--- EXERCISE BRIEF ---
A faithful copy is needed of the lines below from the one with "Canon fotopapír PREMIUM" up to and including the one with "岩国錦帯橋空港 利用者数500万人達成を記念して「御翔印」を配布いたします。"; set it down with no pictures and no other lines.
Top of DATA
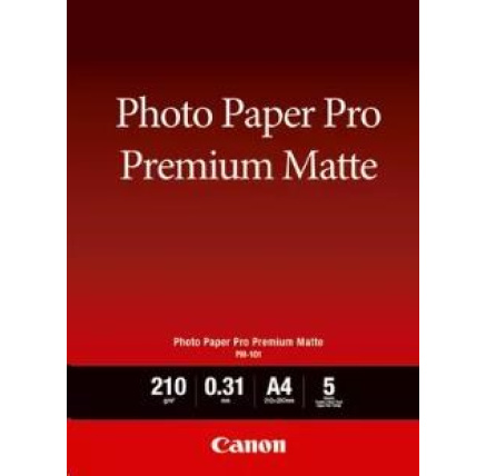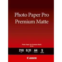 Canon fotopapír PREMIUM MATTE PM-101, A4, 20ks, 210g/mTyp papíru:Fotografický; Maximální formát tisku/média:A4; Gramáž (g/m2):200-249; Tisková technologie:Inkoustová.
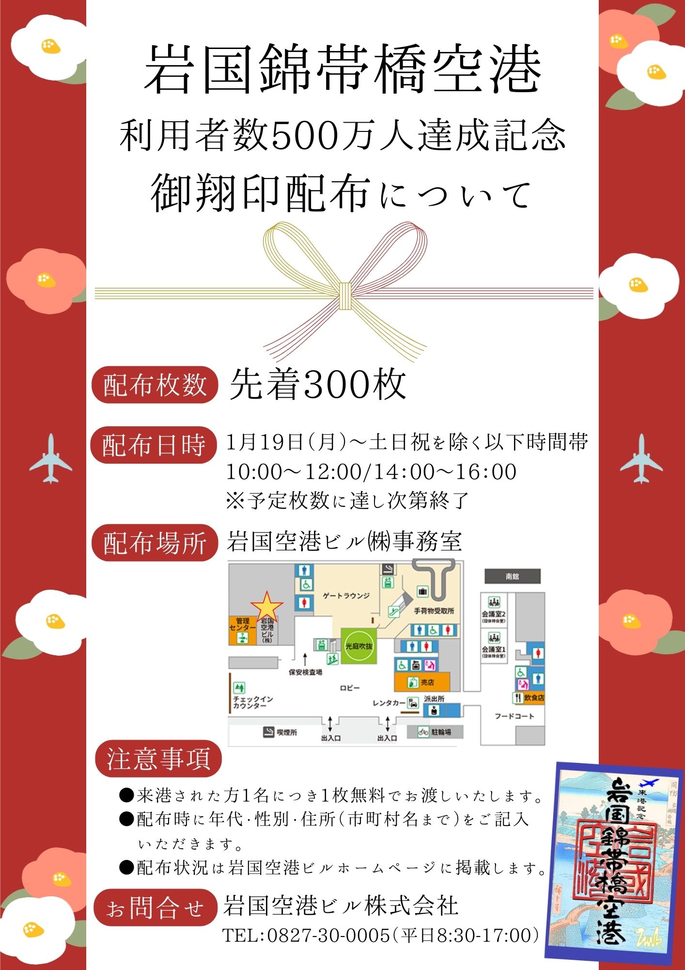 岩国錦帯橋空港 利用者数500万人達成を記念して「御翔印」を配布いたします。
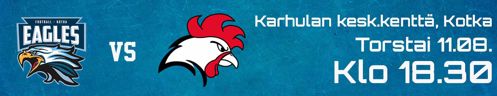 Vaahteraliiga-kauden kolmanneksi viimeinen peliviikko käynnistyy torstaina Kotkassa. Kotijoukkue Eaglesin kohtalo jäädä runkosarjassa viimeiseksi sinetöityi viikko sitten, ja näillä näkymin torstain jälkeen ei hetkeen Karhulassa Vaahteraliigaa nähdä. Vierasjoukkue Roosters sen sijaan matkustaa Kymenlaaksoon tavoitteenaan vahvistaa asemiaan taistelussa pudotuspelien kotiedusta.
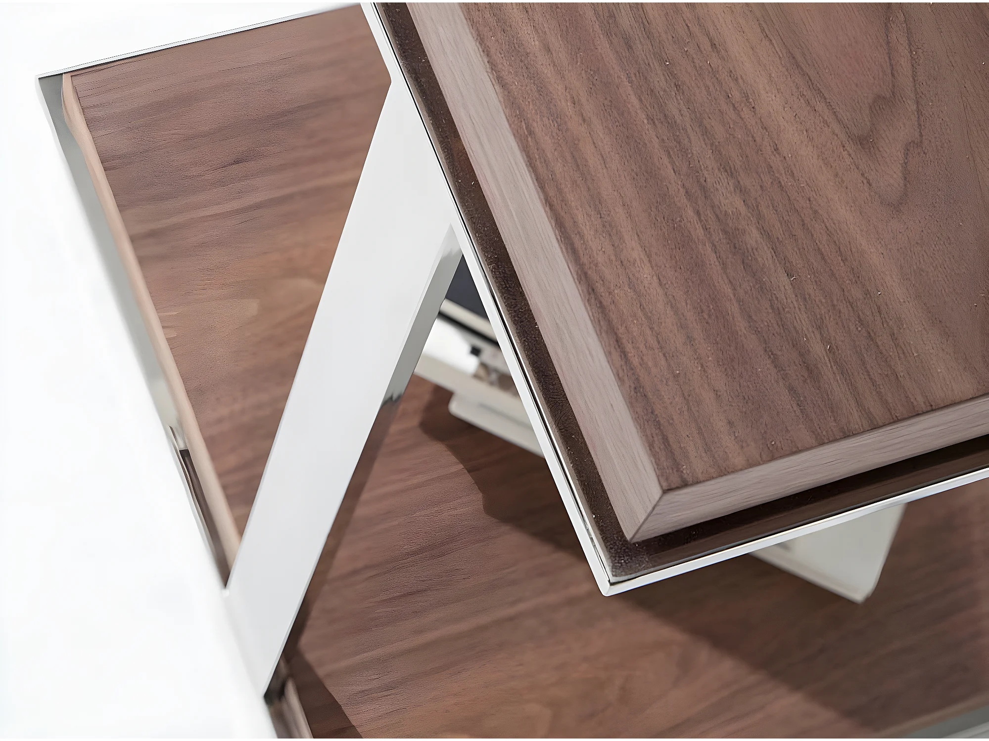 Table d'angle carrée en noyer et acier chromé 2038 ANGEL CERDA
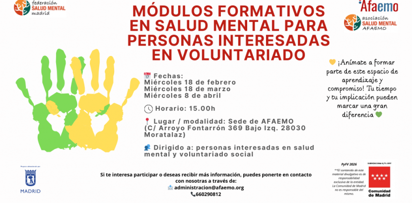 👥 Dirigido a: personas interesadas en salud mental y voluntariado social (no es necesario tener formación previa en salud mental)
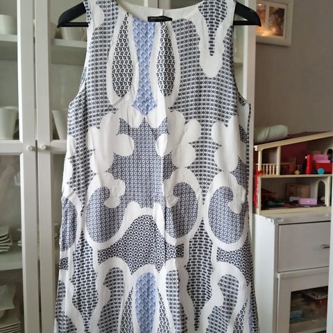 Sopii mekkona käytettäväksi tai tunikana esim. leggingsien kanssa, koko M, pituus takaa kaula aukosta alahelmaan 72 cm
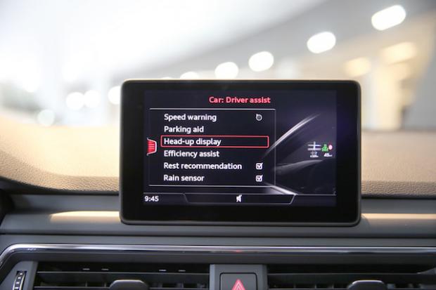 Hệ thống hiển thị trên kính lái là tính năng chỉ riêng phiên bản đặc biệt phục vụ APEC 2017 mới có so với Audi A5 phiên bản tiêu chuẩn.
Bottom of DATA
Top of DATA
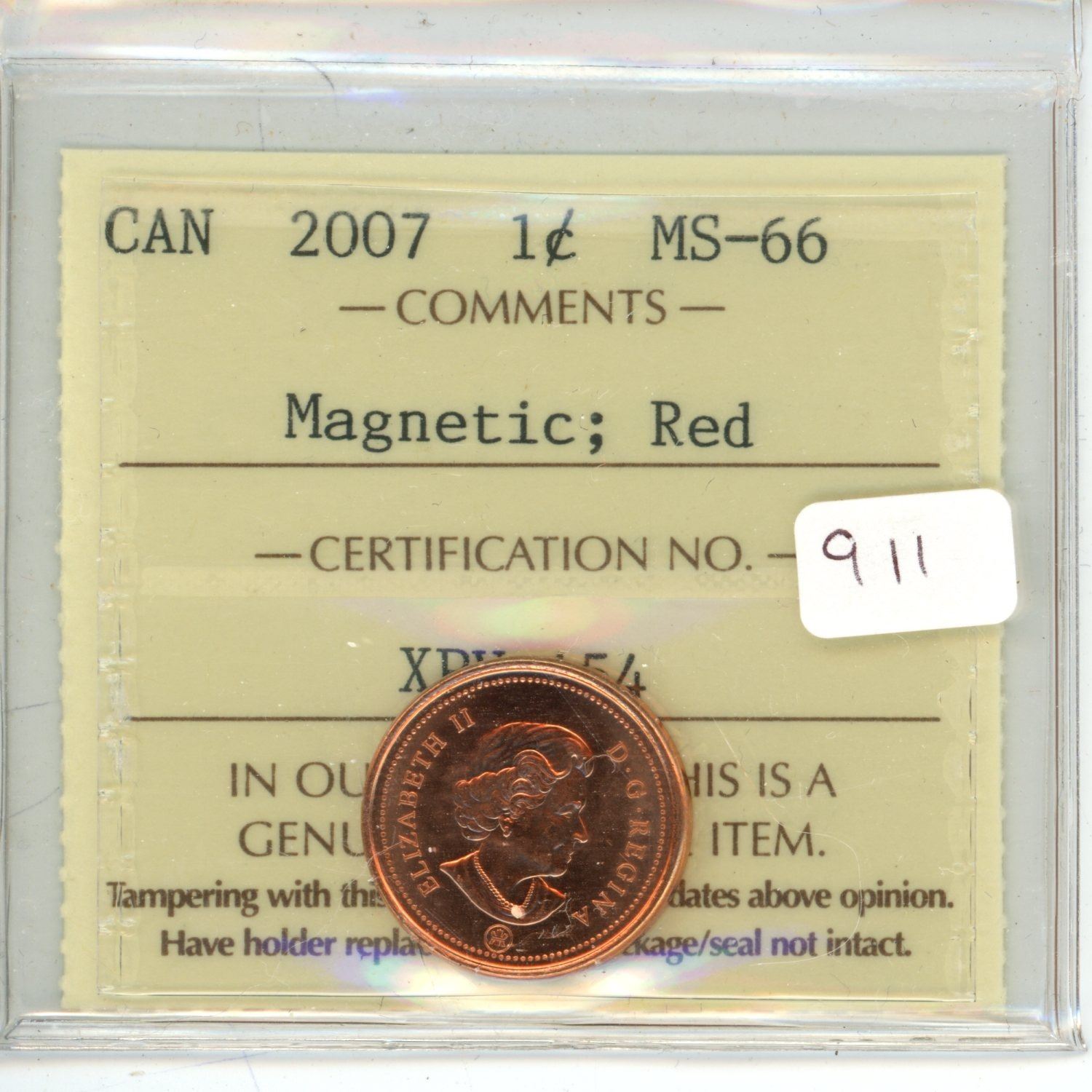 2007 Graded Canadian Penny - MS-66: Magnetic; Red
Bottom of DATA
--- WRITTEN ANSWER ---
 Canon fotopapír PREMIUM MATTE PM-101, A4, 20ks, 210g/mTyp papíru:Fotografický; Maximální formát tisku/média:A4; Gramáž (g/m2):200-249; Tisková technologie:Inkoustová.
 岩国錦帯橋空港 利用者数500万人達成を記念して「御翔印」を配布いたします。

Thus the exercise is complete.